● About this exercise
Exact duplicates of the lines from the top of the data through the line containing "Raquel Caurin, Exon" are needed, with every picture left out.

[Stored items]
-=-=-=-=-

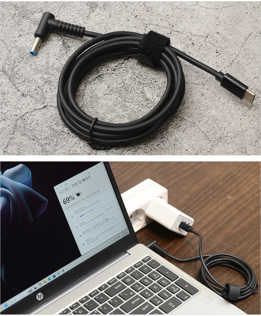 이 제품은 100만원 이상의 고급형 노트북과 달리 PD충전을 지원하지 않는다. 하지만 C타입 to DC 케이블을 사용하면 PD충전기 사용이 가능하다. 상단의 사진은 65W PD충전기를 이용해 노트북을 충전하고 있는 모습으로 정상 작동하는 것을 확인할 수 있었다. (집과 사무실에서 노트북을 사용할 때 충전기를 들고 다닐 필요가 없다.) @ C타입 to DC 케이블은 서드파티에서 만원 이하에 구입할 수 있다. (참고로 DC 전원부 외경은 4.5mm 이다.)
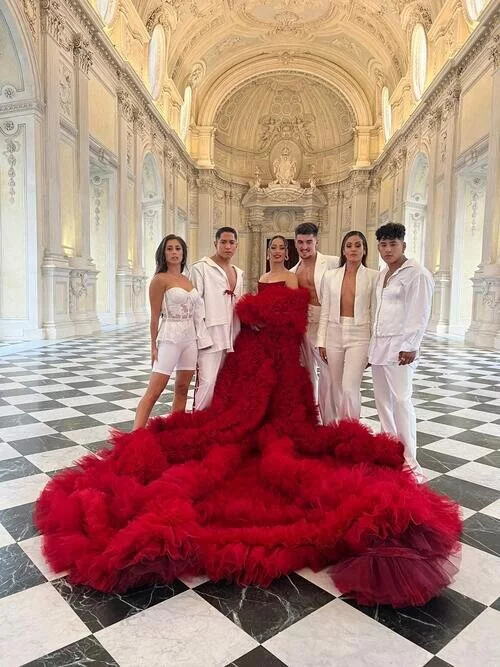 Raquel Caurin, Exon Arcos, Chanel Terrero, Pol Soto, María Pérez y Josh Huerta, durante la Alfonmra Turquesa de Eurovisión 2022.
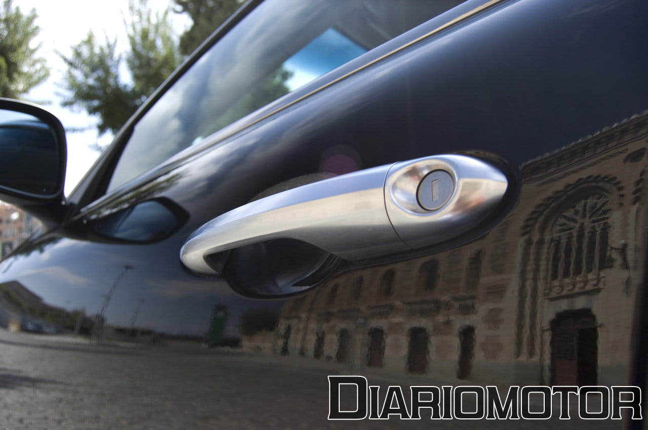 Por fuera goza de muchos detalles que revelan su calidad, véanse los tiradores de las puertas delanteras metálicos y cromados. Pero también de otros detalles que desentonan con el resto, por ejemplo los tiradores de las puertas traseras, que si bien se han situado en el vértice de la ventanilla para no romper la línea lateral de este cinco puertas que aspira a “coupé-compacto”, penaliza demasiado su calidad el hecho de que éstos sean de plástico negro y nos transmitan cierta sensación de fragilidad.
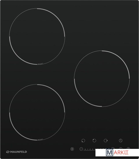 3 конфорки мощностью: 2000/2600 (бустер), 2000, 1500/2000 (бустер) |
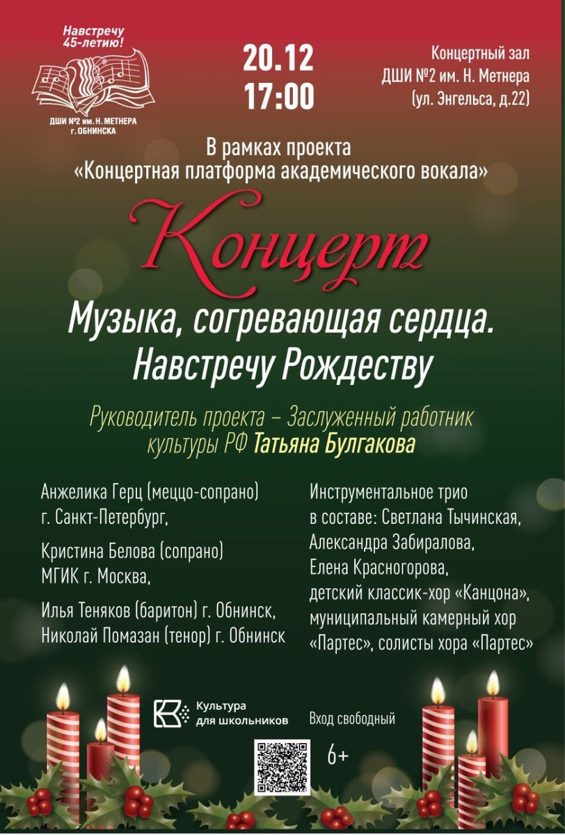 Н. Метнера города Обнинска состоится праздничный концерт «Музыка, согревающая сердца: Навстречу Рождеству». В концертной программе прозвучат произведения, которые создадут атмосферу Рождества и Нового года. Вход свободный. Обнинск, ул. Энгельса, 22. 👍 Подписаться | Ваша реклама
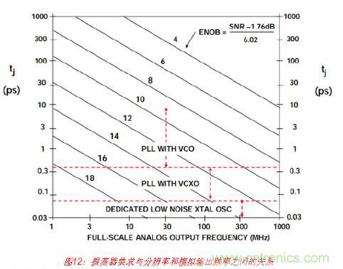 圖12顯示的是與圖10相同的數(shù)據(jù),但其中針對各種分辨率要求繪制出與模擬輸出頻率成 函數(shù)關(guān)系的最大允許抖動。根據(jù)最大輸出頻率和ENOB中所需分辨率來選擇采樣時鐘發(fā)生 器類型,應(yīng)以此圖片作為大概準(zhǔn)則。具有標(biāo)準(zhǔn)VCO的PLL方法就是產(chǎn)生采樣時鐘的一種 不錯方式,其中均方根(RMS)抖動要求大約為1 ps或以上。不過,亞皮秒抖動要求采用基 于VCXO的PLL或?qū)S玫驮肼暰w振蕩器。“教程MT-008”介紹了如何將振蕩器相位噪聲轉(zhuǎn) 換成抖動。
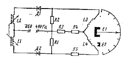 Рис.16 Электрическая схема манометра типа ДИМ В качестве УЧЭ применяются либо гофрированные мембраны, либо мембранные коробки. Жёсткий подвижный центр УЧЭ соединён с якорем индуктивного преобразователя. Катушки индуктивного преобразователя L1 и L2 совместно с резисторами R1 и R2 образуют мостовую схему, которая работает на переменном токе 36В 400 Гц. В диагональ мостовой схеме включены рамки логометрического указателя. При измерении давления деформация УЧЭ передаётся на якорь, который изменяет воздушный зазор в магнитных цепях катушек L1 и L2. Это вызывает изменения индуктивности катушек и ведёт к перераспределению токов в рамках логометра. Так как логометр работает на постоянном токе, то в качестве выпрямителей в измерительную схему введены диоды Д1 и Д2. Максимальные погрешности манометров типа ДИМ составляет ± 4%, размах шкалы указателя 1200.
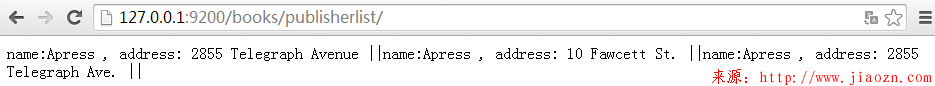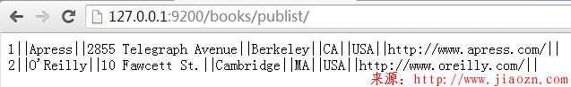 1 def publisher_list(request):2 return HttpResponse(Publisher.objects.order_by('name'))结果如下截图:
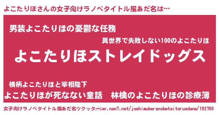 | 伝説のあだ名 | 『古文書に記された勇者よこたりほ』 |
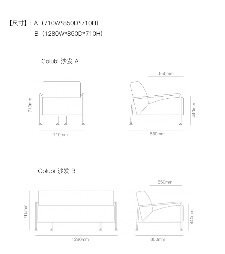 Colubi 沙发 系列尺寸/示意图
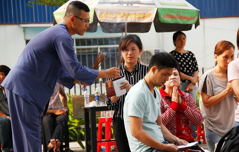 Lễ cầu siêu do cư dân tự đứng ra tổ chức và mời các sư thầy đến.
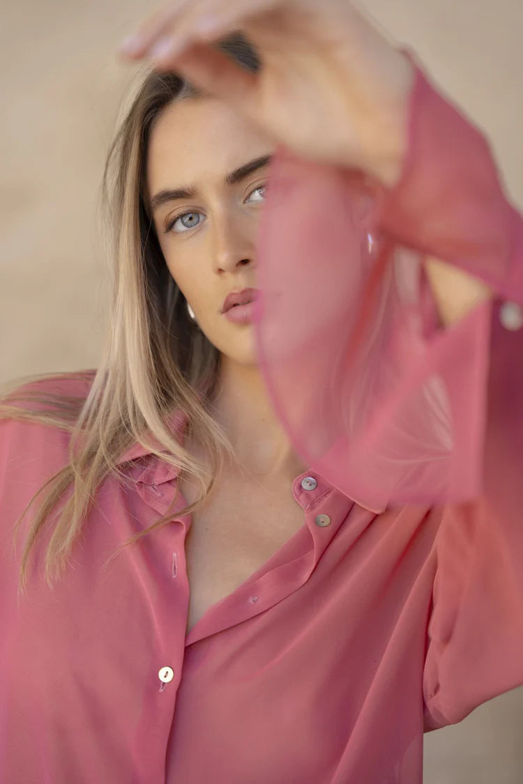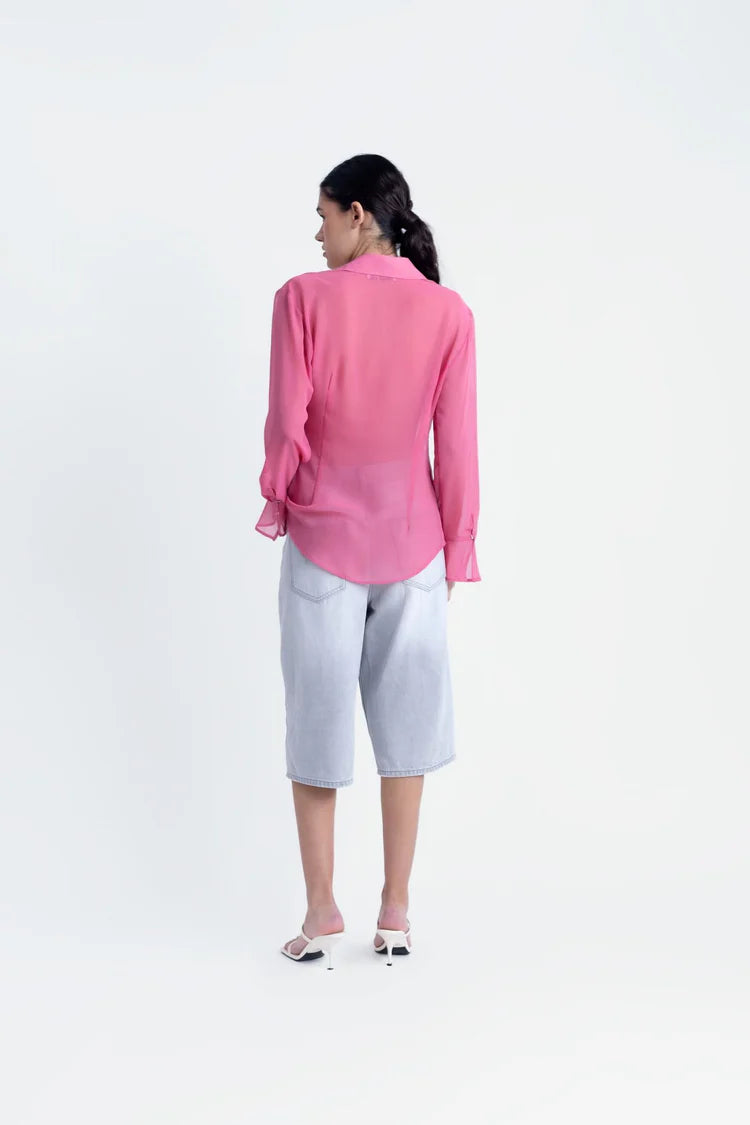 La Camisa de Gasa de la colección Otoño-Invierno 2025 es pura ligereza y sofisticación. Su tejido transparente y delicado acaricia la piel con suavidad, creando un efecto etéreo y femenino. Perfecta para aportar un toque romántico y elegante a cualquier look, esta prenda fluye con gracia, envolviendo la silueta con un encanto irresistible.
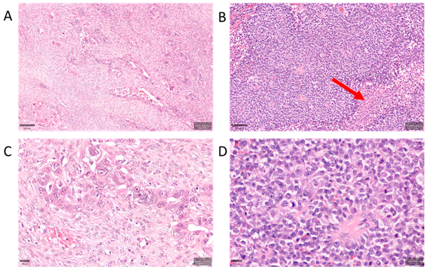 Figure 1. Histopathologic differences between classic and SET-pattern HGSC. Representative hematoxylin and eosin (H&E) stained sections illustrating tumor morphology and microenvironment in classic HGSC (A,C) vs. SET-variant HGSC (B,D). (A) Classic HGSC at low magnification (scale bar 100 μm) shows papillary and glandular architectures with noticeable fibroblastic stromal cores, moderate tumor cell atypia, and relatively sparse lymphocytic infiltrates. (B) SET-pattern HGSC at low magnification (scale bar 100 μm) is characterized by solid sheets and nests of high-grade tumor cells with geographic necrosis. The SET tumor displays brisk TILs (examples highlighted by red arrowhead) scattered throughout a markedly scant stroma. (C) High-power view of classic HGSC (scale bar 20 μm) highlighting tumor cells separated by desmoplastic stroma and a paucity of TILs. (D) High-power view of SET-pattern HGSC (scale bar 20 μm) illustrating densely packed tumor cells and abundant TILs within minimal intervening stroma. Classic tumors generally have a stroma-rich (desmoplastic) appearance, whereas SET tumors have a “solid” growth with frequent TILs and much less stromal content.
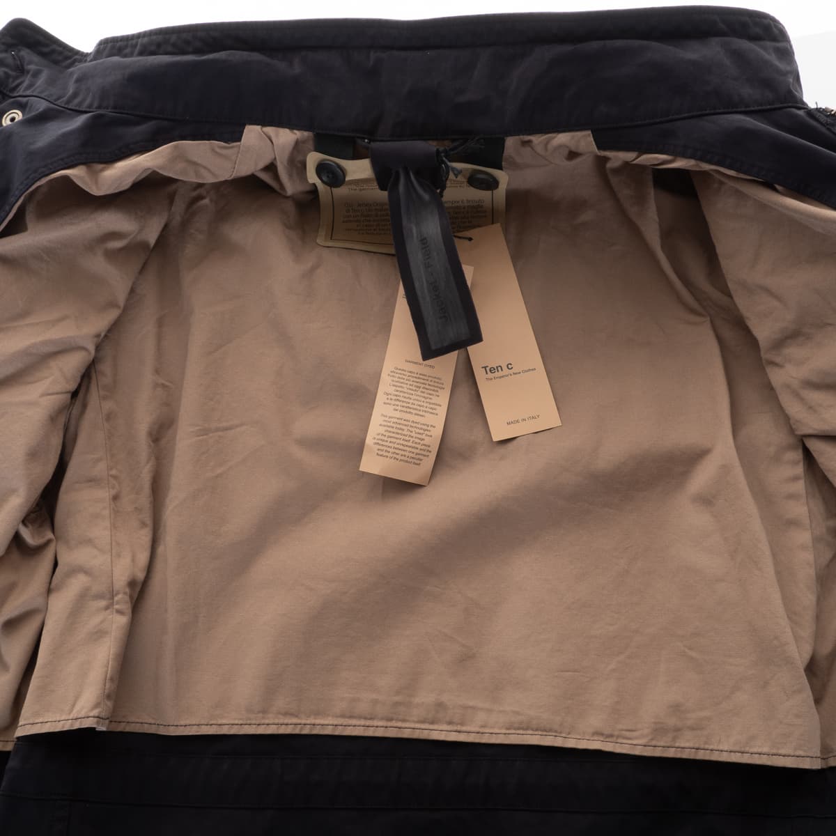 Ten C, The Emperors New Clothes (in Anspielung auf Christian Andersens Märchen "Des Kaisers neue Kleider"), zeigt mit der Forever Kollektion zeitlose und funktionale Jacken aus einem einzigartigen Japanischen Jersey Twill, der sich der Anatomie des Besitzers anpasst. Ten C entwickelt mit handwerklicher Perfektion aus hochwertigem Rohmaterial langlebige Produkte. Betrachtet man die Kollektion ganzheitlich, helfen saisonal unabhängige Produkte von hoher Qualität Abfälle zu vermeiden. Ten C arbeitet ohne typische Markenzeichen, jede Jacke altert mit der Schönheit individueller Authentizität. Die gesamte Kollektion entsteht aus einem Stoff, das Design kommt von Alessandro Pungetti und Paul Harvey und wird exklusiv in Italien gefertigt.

-=-=-=-=-

● Reply
 이 제품은 100만원 이상의 고급형 노트북과 달리 PD충전을 지원하지 않는다. 하지만 C타입 to DC 케이블을 사용하면 PD충전기 사용이 가능하다. 상단의 사진은 65W PD충전기를 이용해 노트북을 충전하고 있는 모습으로 정상 작동하는 것을 확인할 수 있었다. (집과 사무실에서 노트북을 사용할 때 충전기를 들고 다닐 필요가 없다.) @ C타입 to DC 케이블은 서드파티에서 만원 이하에 구입할 수 있다. (참고로 DC 전원부 외경은 4.5mm 이다.)
 Raquel Caurin, Exon Arcos, Chanel Terrero, Pol Soto, María Pérez y Josh Huerta, durante la Alfonmra Turquesa de Eurovisión 2022.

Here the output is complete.